Hypersurfaces of Constant Higher Order Mean Curvature in $M\times\mathbb{R}$ (2008.09805v2)

Abstract: We consider hypersurfaces of products $M\times\mathbb R$ with constant $r$-th mean curvature $H_r\ge 0$ (to be called $H_r$-hypersurfaces), where $M$ is an arbitrary Riemannian $n$-manifold. We develop a general method for constructing them, and employ it to produce many examples for a variety of manifolds $M,$ including all simply connected space forms and the hyperbolic spaces $\mathbb{H}{\mathbb F}^m$ (rank $1$ symmetric spaces of noncompact type). We construct and classify complete rotational $H_r(\ge 0)$-hypersurfaces in $\mathbb{H}{\mathbb F}^m\times\mathbb R$ and in $\mathbb S^n\times\mathbb R$ as well.
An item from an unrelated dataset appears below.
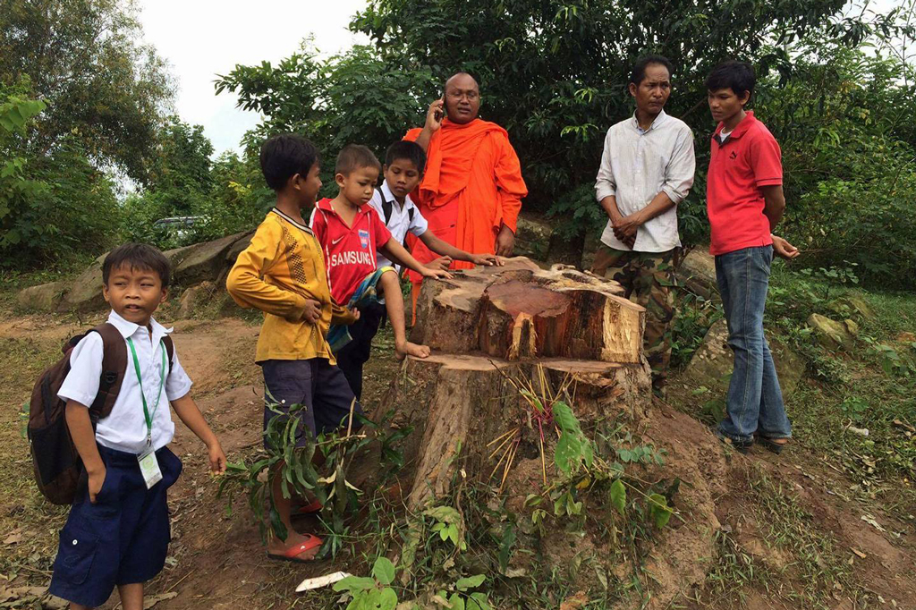 គួររំលឹកថា កាលពីយប់ថ្ងៃទី០៦ វិច្ឆិកា ឆ្នាំ២០១៦ មានមន្ត្រីកងរាជអាវុធហត្ថ និង ទាហានប៉ារ៉ាជាច្រើននាក់ បានឈរការពារឱ្យ មន្ត្រីរដ្ឋបាលព្រៃឈើដឹកដើមគ្រញូង ដែលមាន មុខកាត់ជាង១០០ និងមានអាយុជិត២០០ឆ្នាំ ដែលជាដើមឈើជំនឿរបស់អ្នកភូមិ ស្ថិតនៅ ភូមិនគរក្រៅ សង្កាត់គោកចក ក្រុងសៀមរាប ខេត្តសៀមរាប ដែលមានចម្ងាយប្រមាណ២ គីឡូម៉ែត្រ ពីប្រាសាទអង្គរវត្ត។ ដើមគ្រញូងដ៏ ធំនេះ ត្រូវបានលួចកាប់រំលំ ដួលដល់ដី កាល ពីថ្ងៃទី០៥ វិច្ឆិកា។

They include spheres, Delaunay-type annuli and, in the case of $\mathbb{H}{\mathbb F}^m\times\mathbb R,$ entire graphs. We also construct and classify complete $H_r(\ge 0)$-hypersurfaces of $\mathbb{H}{\mathbb F}^m\times\mathbb R$ which are invariant by either parabolic isometries or hyperbolic translations. We establish a Jellett-Liebmann-type theorem by showing that a compact, connected and strictly convex $H_r$-hypersurface of $\mathbb H^n\times\mathbb R$ or $\mathbb S^n\times\mathbb R$ $(n\ge 3)$ is a rotational embedded sphere. Other uniqueness results for complete $H_r$-hypersurfaces of these ambient spaces are obtained.